» Material provided:
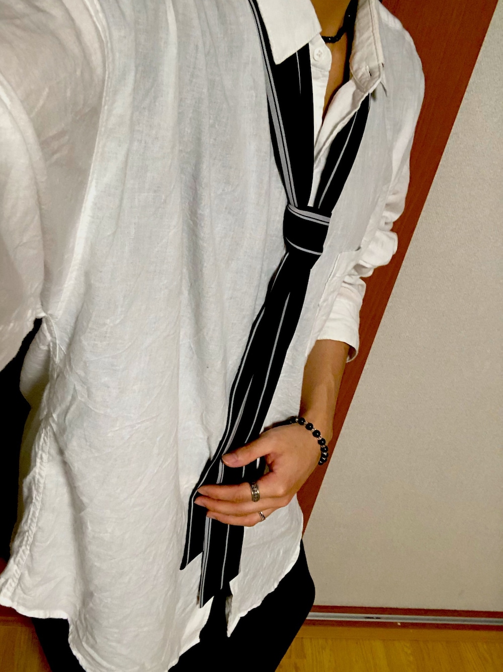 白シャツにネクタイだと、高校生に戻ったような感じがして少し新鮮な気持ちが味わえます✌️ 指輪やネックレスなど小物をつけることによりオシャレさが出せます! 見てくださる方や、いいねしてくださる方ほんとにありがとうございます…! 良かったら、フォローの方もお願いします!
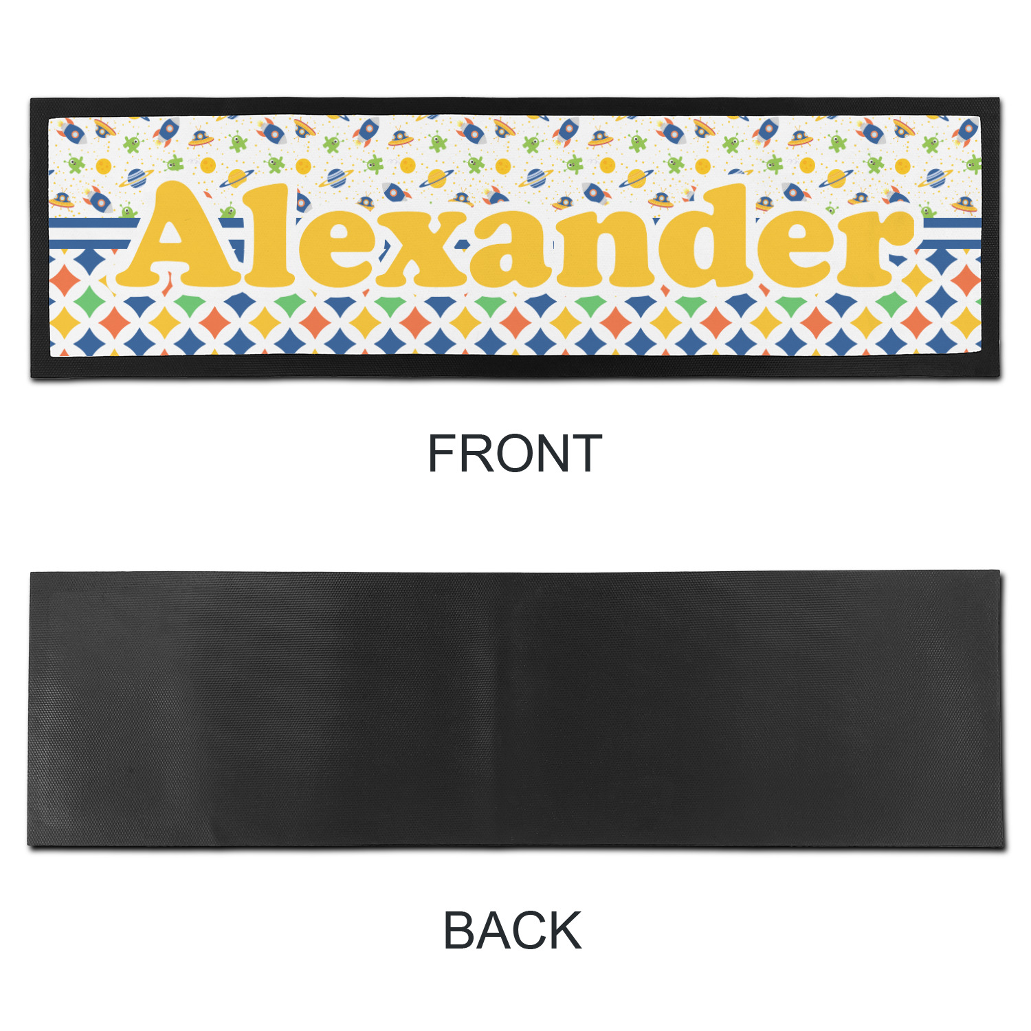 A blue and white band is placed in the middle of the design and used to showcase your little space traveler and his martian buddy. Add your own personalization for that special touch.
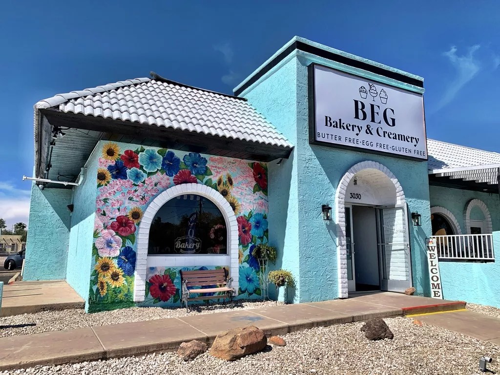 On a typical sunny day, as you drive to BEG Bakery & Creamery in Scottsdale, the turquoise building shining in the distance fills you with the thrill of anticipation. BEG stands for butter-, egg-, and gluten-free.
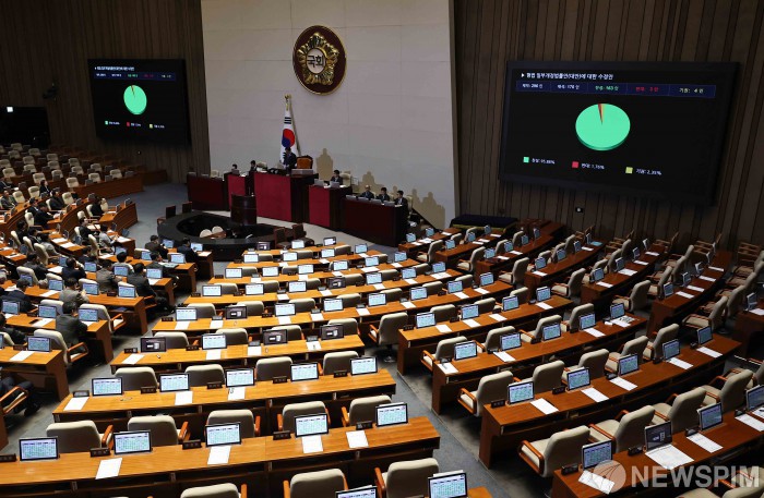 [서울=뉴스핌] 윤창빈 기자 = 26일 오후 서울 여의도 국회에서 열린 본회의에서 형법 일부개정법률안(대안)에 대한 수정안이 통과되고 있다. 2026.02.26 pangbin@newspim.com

» Assigned task: The lines above should be transcribed exactly, with every image removed.

» Solution to this problem:
 白シャツにネクタイだと、高校生に戻ったような感じがして少し新鮮な気持ちが味わえます✌️ 指輪やネックレスなど小物をつけることによりオシャレさが出せます! 見てくださる方や、いいねしてくださる方ほんとにありがとうございます…! 良かったら、フォローの方もお願いします!
 A blue and white band is placed in the middle of the design and used to showcase your little space traveler and his martian buddy. Add your own personalization for that special touch.
 On a typical sunny day, as you drive to BEG Bakery & Creamery in Scottsdale, the turquoise building shining in the distance fills you with the thrill of anticipation. BEG stands for butter-, egg-, and gluten-free.
 [서울=뉴스핌] 윤창빈 기자 = 26일 오후 서울 여의도 국회에서 열린 본회의에서 형법 일부개정법률안(대안)에 대한 수정안이 통과되고 있다. 2026.02.26 pangbin@newspim.com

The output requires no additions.